Polly knew that she was being watched, but still her mother's persistent silence could
not be misunderstood. There had been no open complicity between mother and
daughter, no open understanding, but though people in the house began to talk of the
affair, still Mrs Mooney did not intervene. Polly began to grow a little strange in her
manner, and the young man was evidently perturbed. At last, when she judged it to be
the right moment, Mrs Mooney intervened. She dealt with moral problems as a
cleaver deals with meat: and in this case she had made up her mind.
It was a bright Sunday morning of early summer, promising heat, but with a fresh
breeze blowing. All the windows of the boarding house were open and the lace
curtains ballooned gently towards the street beneath the raised sashes. The belfry of
George's Church sent out constant peals, and worshippers, singly or in groups,
traversed the little circus before the church, revealing their purpose by their self-
contained demeanour no less than by the little volumes in their gloved hands.

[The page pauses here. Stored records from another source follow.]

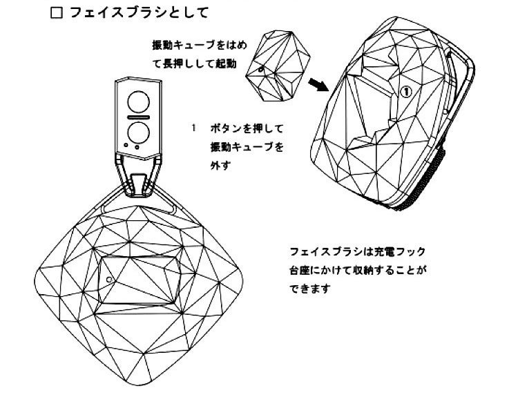 取り付けリング×2、振動キューブ×1、キューブ収納パーツ+フェイスブラシ×1、充電フック台座×1、micro USBケーブル×1
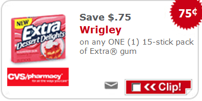 CVS.com has a great printable MANUFACTURER’s coupon good for $.75 off Wrigley Extra gum!   The best part is, it is  NOT a CVS coupon, but a manufacturer’s coupon that can be used at ANY store. If your store doubles coupons, you should be able to pick up FREE packs of gum with this coupon!
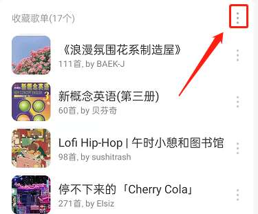 1、打开网易云音乐,找到我的歌单或者收藏的歌单,找到三个点图标点击。
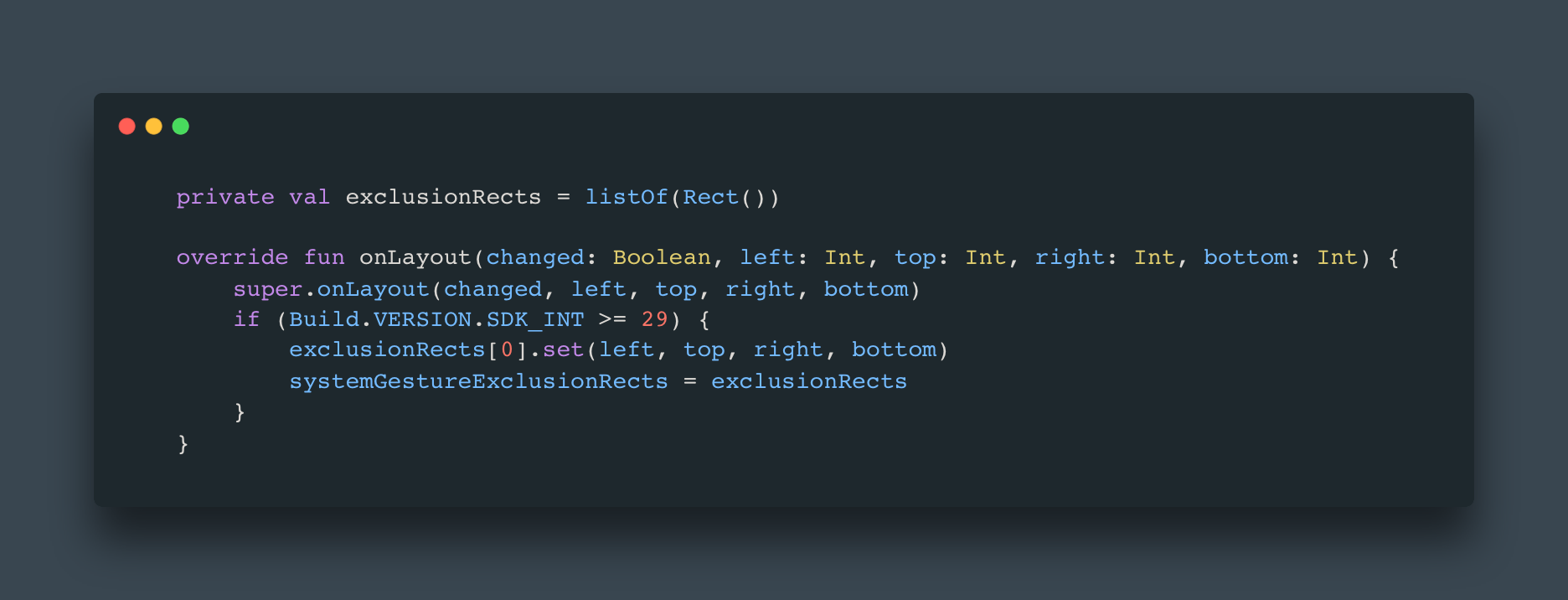 onLayout in your view and set exclusion there whenever the position or size are changed#sdk #gestures #customview

Breakfast was over in the boarding house, and the table of the breakfast-room was
covered with plates on which lay yellow streaks of eggs with morsels of bacon-fat and
bacon-rind. Mrs Mooney sat in the straw arm-chair and watched the servant Mary
remove the breakfast things. She made Mary collect the crusts and pieces of broken
bread to help to make Tuesday's bread-pudding. When the table was cleared, the
broken bread collected, the sugar and butter safe under lock and key, she began to
reconstruct the interview which she had had the night before with Polly. Things were
as she had suspected: she had been frank in her questions and Polly had been frank in
her answers. Both had been somewhat ewkward, of course. She had been made
awkward by her not wishing to receive the news in too cavalier a fashion or to seem
to have connived, and Polly had been made awkward not merely because allusions of
that kind always made her awkward, but also because she did not wish it to be thought
that in her wise innocence she had divined the intention behind her mother's tolerance.
Mrs Mooney glanced instinctively at the little gilt clock on the mantelpiece as soon as
she had become aware through her reverie that the bells of George's Church had
stopped ringing. It was seventeen minutes past eleven: she would have lots of time to
have the matter out with Mr Doran and then catch short twelve at Marlborough Street.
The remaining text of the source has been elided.